Montgomery hunched forward. His eyes glittered. “Tell me about it.”
“I been back up the Cum’bee, sir.” Harriet clasped her hands in her lap. She waited for the next question.
“Looking for the torpedoes?” he asked. Montgomery’s directness suggested he hadn’t stopped thinking about their last conversation.
“Yes, sir,” she said.
“What did you find?” His voice acquired an edge.

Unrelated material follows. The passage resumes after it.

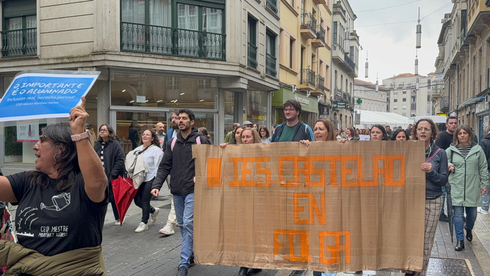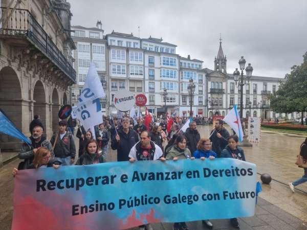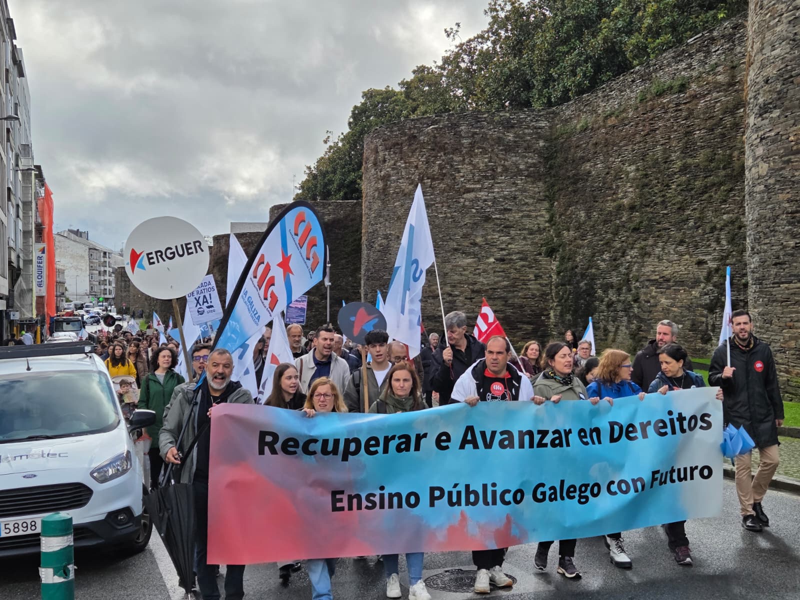 Por último, en Lugo a manifestación saíu da Horta do Seminario, unha praza próxima a varios centros de ensino, incluído o Lucus Augusti ao que unha trintena de persoal docente se achegou onte pola tarde e no que unha representación quedou a durmir, para rematar tamén diante da delegación territorial de Educación.

Harriet took no offense at his impatience. She felt the same. “There’s five torpedoes between Fields Point and the ferry landing,” she said. “The Johnnies laid a pontoon across the river there.”
“Five mines? You sure?” he asked.
“Five,” she said, though she wondered if illness might have prevented Jacob from spotting a second crew from another plantation. Harriet gripped her hands more tightly. “Five,” she repeated.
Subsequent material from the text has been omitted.